Однако ему посчастливилось благополучно миновать второй этаж, не столкнувшись с ходунком мадам Бомм.

На втором этаже жила и пианистка Клара Виолет. Эгаре услышал стремительные пассажи Черни[16]. Под ее пальцами даже гаммы обретали особое, изысканное звучание.

Она считалась одной из пяти лучших пианисток мира. Но поскольку она не переносила присутствия слушателей в помещении, где играла, славы ей, увы, не досталось. Летом она давала балконные концерты: раскрывала все окна, а Эгаре, придвинув ее рояль фирмы «Плейель» к балконной двери, устанавливал под инструментом микрофон. И Клара играла. Два часа подряд. Жители дома № 27 сидели на ступеньках крыльца или на выставленных на тротуар складных стульях. Часть публики слушала ее, сидя за столиками в «Ty Breizh». После концерта, когда Клара выкатывалась на балкон и, робко кивая, кланялась, ей аплодировал чуть ли не весь микрорайон.

Остаток пути наверх Эгаре проделал без помех. Добравшись до пятого этажа, он увидел, что стол исчез. По-видимому, Кофи помог Катрин.
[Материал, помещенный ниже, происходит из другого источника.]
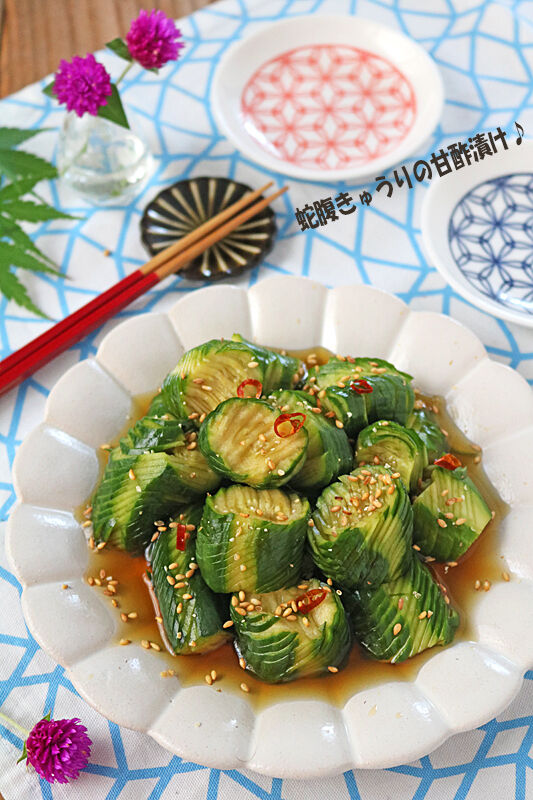 時短で夏の作り置き♪蛇腹きゅうりの甘酢漬け&はまったお菓子 2021年08月11日 こんにちは~!!今日は時短のきゅうり消費レシピ~!!定番美味しい・・蛇腹きゅうりの甘酢漬け♪息子はきゅうりの甘酢漬けが大好物!!部活終わりに食べたいそうで・・(^^♪きゅうりはみずみずしくて夏にピッタリですね。今日は細かく切目を入れた蛇腹切りで漬け時間短縮♪ ...
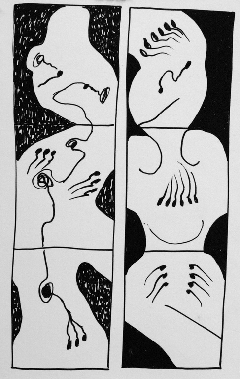 123 REMINISCENT OF (My)BODY CONDITION, ink on paper, 8x6, 1984 |

Чувствуя необъяснимую радость, он постучал в зеленую дверь.

– Добрый вечер! – прошептал он, прижимая бумажный пакет к матовому стеклу. – Я принес книги.

Когда Эгаре выпрямился, Катрин открыла дверь.

Светлые короткие волосы, жемчужно-серый взгляд из-под нежных бровей, недоверчивый, но мягкий. Она была босиком, в платье с вырезом, открывавшим только ключицы. В руках она держала конверт.

– Мсье, я нашла письмо.

8

Для одной минуты впечатлений было слишком много – Катрин, ее глаза, конверт с бледно-зеленой надписью, близость Катрин, ее запах, ключицы, жизнь… письмо…

Письмо?

– Нераспечатанное письмо. Оно было в вашем столе, в ящике, в том, что выкрашен в белый цвет. Я открыла этот ящик, а там лежало вот это письмо, под штопором.

– Да нет же, – вежливо возразил Эгаре, – никакого штопора там не было.

– Но я же видела его своими собственными…

– Ничего вы не видели!

Он вовсе не хотел так кричать, но вид письма, которое она держала в руке, был для него просто невыносим.

– Простите, пожалуйста, что я накричал на вас.

Она протянула ему письмо.

– Но это не мое письмо.

Мсье Эгаре попятился к своей квартире.

– Сожгите его.

Катрин пошла за ним, глядя ему в глаза. Его лицо вдруг вспыхнуло, словно от удара хлыстом.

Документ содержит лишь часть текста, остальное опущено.